DATA RECORDS section start

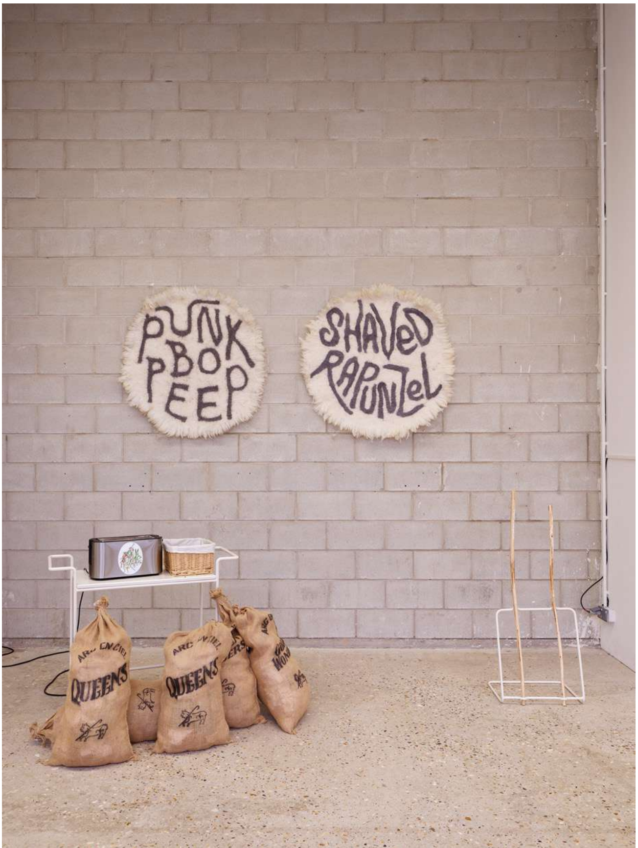
Vue de l'exposition « Cœur de Bergère » Orla Barry, Bétonsalon – centre d'art et de recherche, Paris, 2025. © Orla Barry / ADAGP, Paris 2025.
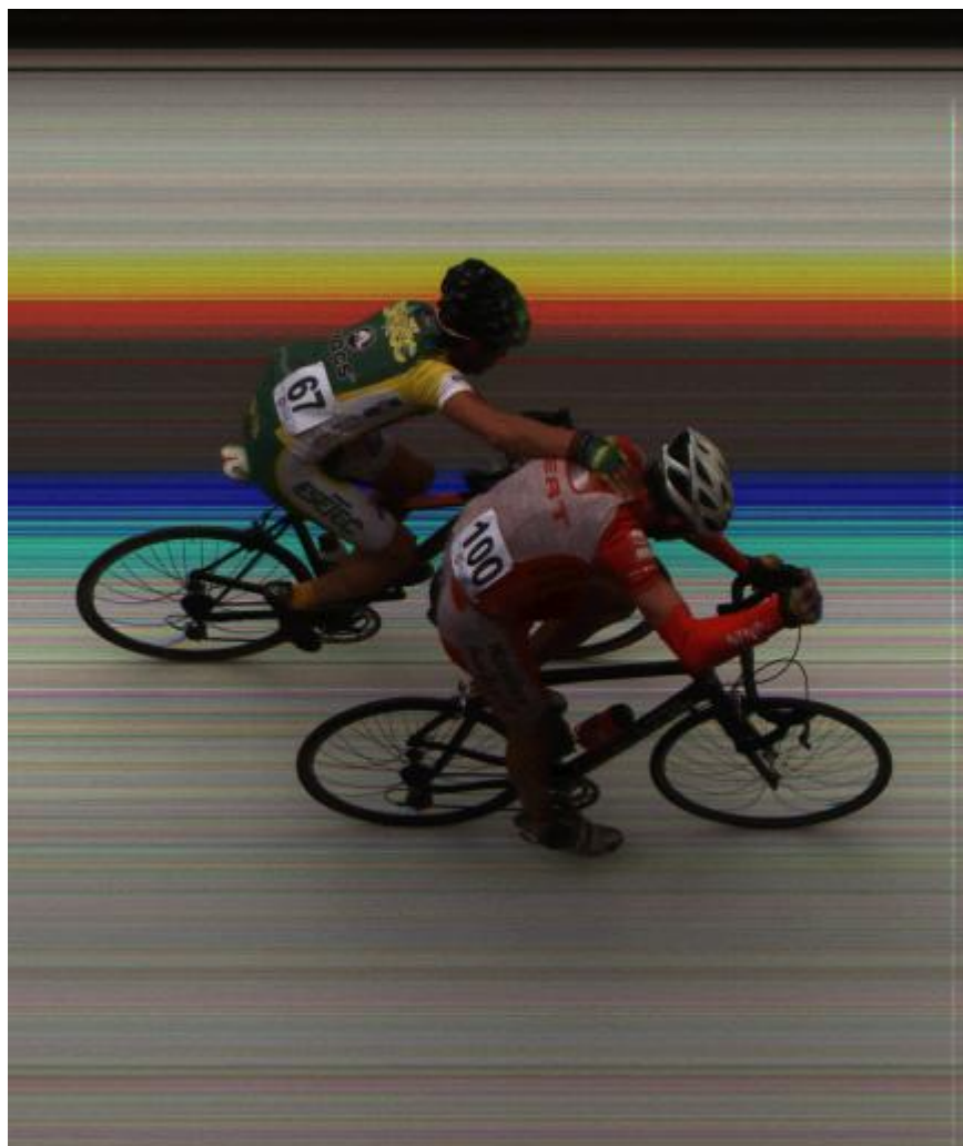
Primera Meta volante Vuelta 4
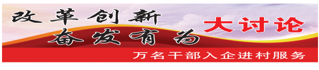
改革创新 大讨论 万名干部入企进村服务

其余29个问题在现场会上也进行了分类梳理,面对面解决。关于电力的问题,电力部门要做好政策宣传,提倡企业错峰用电;关于融资问题,企业和金融部门要做好沟通协调,企业自身也要练好内功……该市将建立服务企业长效机制,让活动中的“马上就办”形成常态化机制,不断探索服务企业的常态化办法,进一步激发企业活力和动力。开展入企服务,解决问题是关键。该市入企服务小组将对前一阶段收集到的企业诉求和反映的问题进行梳理,建立完善问题清单和责任清单。同时,建立长效机制,巩固服务成果。(朱敏)
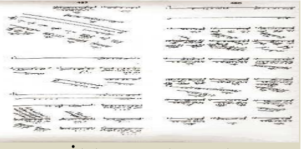
İltizam Sistemi 2

DATA RECORDS section end

Each entry above must be restated word for word; the pictures stay out of the copy.

Vue de l'exposition « Cœur de Bergère » Orla Barry, Bétonsalon – centre d'art et de recherche, Paris, 2025. © Orla Barry / ADAGP, Paris 2025.
Primera Meta volante Vuelta 4
改革创新 大讨论 万名干部入企进村服务

其余29个问题在现场会上也进行了分类梳理,面对面解决。关于电力的问题,电力部门要做好政策宣传,提倡企业错峰用电;关于融资问题,企业和金融部门要做好沟通协调,企业自身也要练好内功……该市将建立服务企业长效机制,让活动中的“马上就办”形成常态化机制,不断探索服务企业的常态化办法,进一步激发企业活力和动力。开展入企服务,解决问题是关键。该市入企服务小组将对前一阶段收集到的企业诉求和反映的问题进行梳理,建立完善问题清单和责任清单。同时,建立长效机制,巩固服务成果。(朱敏)
İltizam Sistemi 2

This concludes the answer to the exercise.